I think that we [Digital Immigrants] have been celebrating and cocooning digital natives for too long. What lies ahead of us are very uncertain times, where the ability, willingness and courage to tackle problems individually is as important as the ability to engage others (the “collective”).

Well said! DiMaio goes on to point out one of the biggest differences between Digital Immigrants and Digital Natives is the fact that we grew up with the understanding that even in the computer and online worlds, there was a scarcity of resources and we had to adapt and deal with the limited resources we had at our disposal. Digital Natives on the other hand do not have the same insights into the scarcity of resources. Digital Natives do not seem to see the shadow of the future where success is determined by what they know and how well they socialize and crowdsource their way to a solution, rather than by the coolness of “how many Facebook friends or Twitter followers they have.”
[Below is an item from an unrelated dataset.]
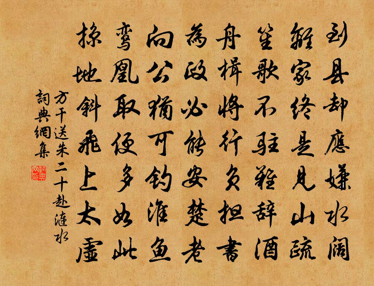 詩詞名句歷史字典書法欣賞書法字典國語詞典說文解字康熙字典古漢語字典標 題 作 者 詩 句 送朱二十赴漣水作者:方乾 朝代:唐代送朱二十赴漣水原文到縣卻應嫌水闊,離家終是見山疏。笙歌不駐難辭酒,舟楫將行負擔書。為政必能安楚老,向公猶可釣淮魚。鸞凰取便多如此,掠地斜飛上太虛。詩詞問答問:送朱二十赴漣水的作者是誰?答:方乾問:送朱二十赴漣水寫於哪個朝代?答:唐代問:送朱二十赴漣水是什麼體裁?答:七律方乾送朱二十赴漣水書法欣賞送朱二十赴漣水書法作品注釋全唐詩:卷650-22詩詞推薦季父習靜哀詩四首劉克莊〔宋代〕關洛源流遠,乾淳輩行尊。一檠常對卷,貳簋亦開樽。縞素幾空巷,玄纁不及門。異時遺逸傳,誰定訪丘園。和任漕韻吳芾〔宋代〕耆英持漕節,一稔百無憂。心計唯豐國,文移罕到州。澤流千嶂雨,效見萬家秋。早晚趨嚴召,雍容侍冕旒。唐明皇方回〔宋代〕突虎沖蛇獻荔枝,冰皴霧瘴覆全師。{左豐右動}妃有弟堪為相,叛將無君懵不知。嗣後已成靈武篡,舊臣空復曲遊仙篇翁卷〔宋代〕旭日升太虛,流光到萌芽。旁有五雲氣,煥爛含精華。所願服食之,躋身眇長霞。帶我清冷佩,飛我欻忽車。寧為白水橋斷碑張祁〔宋代〕出郭悠悠信馬蹄,荒煙衰草不勝悲。江南舊事無人記,時有龜趺載斷碑。朝回閱樂寄絕句權德輿〔唐代〕子城風暖百花初,樓上龜茲引導車。曲罷卿卿理騶馭,細君相望意何如。西園晚秋見寄宋祁〔宋代〕中園秋物曉,清玩日無窮。暝篠深留翠,寒花淺作紅。鶴鳴殘滴露,蜩咽已涼風。誰伴調絲管,心知憶戴崇。適安招游湯鎮不果赴陳起〔宋代〕湯鎮古祠宮,招邀及倦翁。輕裘乘曉月,駿馬逐東風。野色觀無分,春光病見攻。行將迎誕日,一瓣擬遙通。雜詩王令〔宋代〕關雎後之淑,棫樸君之明。兔罝尚好德,況及公與卿。所以彼行葦,敦然遂其生。誰能弦此歌,為我發古聲。薌林五十詠南埭楊萬里〔宋代〕高謝三公府,來耕五畝園。園中有何好,老子笑無言。醉筆呈尚長道楊萬里〔宋代〕晚風一雨生新漲,只送仙槎到天上。十年相別一相逢,和氣春風談笑中。如今耆舊晨星似,猶及先生說遺事。舌端改題萬安縣凝祥觀文天祥〔宋代〕古道松花空翠香,風前鬢影照滄浪。飛泉半壁朝雲濕,啼鳥澌滿山春日長。須信神仙元有國,不知蠻觸是何鄉。道洞霄宮林逋〔宋代〕大滌山相向,華陽路暗通。風霜唐碣久,草木漢祠空。劍石苔花碧,丹池水氣紅。幽人天柱側,茅屋灑松風。小集食藕極嫩楊萬里〔宋代〕比雪猶松在,無絲可得飄。輕拈愁欲碎,未嚼已先銷。淨庵居士求頌釋可湘〔宋代〕不書心字涴窗門,玉混泥沙體自分。萬慮頓忘諸穢息,碧天無滓水無痕。酬張二仲彝皇甫冉〔唐代〕吳洲見芳草,楚客動歸心。屈宋鄉山古,荊衡煙雨深。艱難十載別,羈旅四愁侵。澧月通沅水,湘雲入桂林。已看九日王勃〔唐代〕九日重陽節,開門有菊花。不知來送酒,若個是陶家。上許州呂相公嗣崧許康詩二首許康詩宋祁〔宋代〕公之相攸,孔樂於許。其原朊朊,其川于于。有芃禾麻,有京稷黍。藪焉麋麕,渚焉魴鱮。有李有桃,有柘有檀。谷中釋文珦〔宋代〕谷口松朱相和鳴,山蹊詰曲少人登。苦櫧一樹猿偷盡,懊殺庵居老病僧。奉和添酒中六詠酒龍皮日休〔唐代〕銅為蚴蟉鱗,鑄作鱙繆角。吐處百里雷,瀉時千丈壑。初疑潛苑囿,忽似拏寥廓。遂使銅雀台,香消野花落。名句推薦相逢意氣為君飲,系馬高樓垂柳邊。王維《少年行四首》 窣地春袍,嫩色宜相照。梅堯臣《蘇幕遮·草》 關河無限清愁,不堪臨鑒岳珂《祝英台近·北固亭》 元嘉草草,封狼居胥,贏得倉皇北顧。辛棄疾《永遇樂·京口北固亭懷古》 伯牙鼓琴,志在高山佚名《伯牙鼓琴/伯牙絕弦》 燕簾鶯戶,雲窗霧閣,酒醒啼鴉。張炎《朝中措·清明時節》 露從今夜白,月是故鄉明。杜甫《月夜憶舍弟》 眉睫才交,夢裡便不能張主;眼光落地,泉下又安得分明。陳繼儒《小窗幽記·集醒篇》 孤之有孔明,猶魚之有水也。陳壽《隆中對》 美人慵翦上元燈,彈淚倚瑤瑟。朱敦儒《好事近·春雨細如塵》

President Obama deflated the egos of the tech savvy graduates at the University of Virginia when he pointed out skills learned through entertainment do not always transfer to skills needed in the workforce today:

‘With iPods and iPads and Xboxes and PlayStations – none of which I know how to work – information becomes a distraction, a diversion, a form of entertainment, rather than a tool of empowerment, rather than the means of emancipation.’

 I should point out that Digital Immigrants were told by President Reagan that their PacMan skills could transfer into usable work skills:

‘I recently learned something quite interesting about video games. Many young people have developed incredible hand, eye, and brain coordination in playing these games. The air force believes these kids will be our outstanding pilots should they fly our jets.’ (Aug 8, 1983)

We soon learned that just because we could storm the castle and save Princess Zelda from her dragon captor all day long, but those skills weren’t very useful when learning to fly a jet. It’s nice that the current President doesn’t seem to be confusing technology and entertainment with knowledge and work skills.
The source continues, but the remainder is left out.